Spending groups and analytics view

How It's Organized

  1. Groups: A shopping trip or shopping focus on a specific date. "Grocery run Jan 15", "Weekly errands Jan 20". Each has a date, a name, and a total. This is the container for an entire shopping session. When you ask the app how much did I spend on Jan 10, it's looking at groups.

  2. Receipts: Individual stores visited during that shopping trip. On your grocery run on Jan 15, you hit Whole Foods and Target. That's two receipts in one group. Each receipt represents one checkout at one store, with its own store name and total.

  3. Items: The actual line items from each receipt. At Whole Foods you bought milk, bread, eggs. At Target you bought shampoo, socks. These come straight from the receipt text recognition.

Intuitive Spending

The organization mirrors how you actually remember your spending. At the highest level, you recall the trip itself: "I went shopping on Jan 15" or "my weekly grocery run." Groups are named after what you did, so you can call it "Costco run" or "Target errands" to make each shopping session meaningful and easy to recall. At the next level down, you remember which stores you visited during that trip. On your grocery run, you hit Whole Foods and Target. That's two separate receipts, two separate store totals. Finally, you can drill into each store to see the individual items you bought. At Whole Foods you grabbed milk, bread, and eggs. At Target you picked up shampoo and socks. This three-level hierarchy matches your natural memory: trip, then stores, then items. You can zoom out to see your total spending for a day, or zoom in to remember exactly what you bought and where.

How the Scanner Fits In

Scanning a receipt does one thing: it creates a receipt in a group for that date. You point the camera at a receipt. The ML pipeline (YOLOv8 to find the text, RCNN to read it, BART to clean it up) pulls out items and prices. That becomes a new receipt. It gets assigned to today's group automatically. Your totals update. Done.

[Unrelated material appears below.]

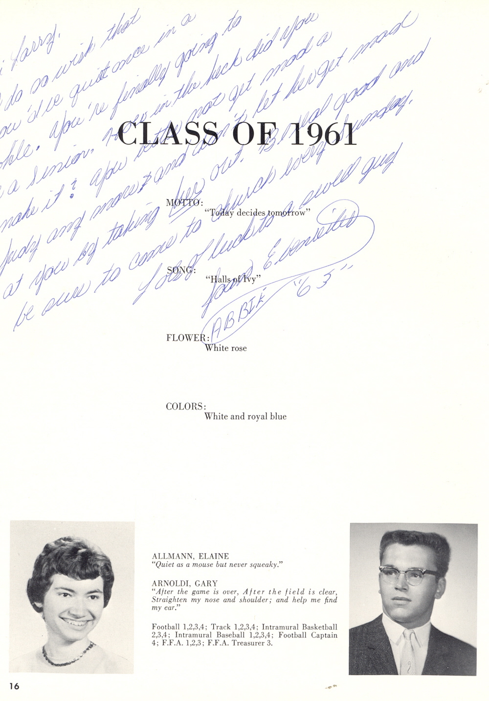1961 Sheboygan Falls High School, Page 16: Elaine Allmann, Gary Arnoldi.

Camera capture and receipt intake flow

One tap, a second of processing, and your spending is logged and organized. No typing. No remembering. The app does the grunt work, you just point and shoot. That is the whole point. It is fast enough that you actually do it instead of ignoring receipts like everyone else does.

Spending Analytics

Beyond just organizing receipts, the app provides visual analytics to understand your spending patterns. A time-series line graph shows your spending trends across days and weeks, making it easy to spot whether you're on pace with your budget or if certain periods have unusual activity. The graph is grouped by date, so you can see at a glance which days you spent the most and which were quieter. This helps you recognize patterns: maybe you always spend more on Fridays, or you notice certain weeks are consistently higher than others. The analytics aren't just raw numbers either. You can view your spending broken down by store frequency, see which stores you visit most often, and track how much you're spending at each location over time. Combined with the three-level hierarchy of groups, receipts, and items, this gives you both the macro view (am I spending too much?) and the micro view (what am I actually buying?). The data builds up automatically as you scan receipts, so insights emerge naturally without any additional logging or manual tracking.


What I Learned

I learned how data quality and preprocessing drive model accuracy, how to coordinate multiple models in one pipeline, and how to deploy ML services that integrate cleanly with a mobile app.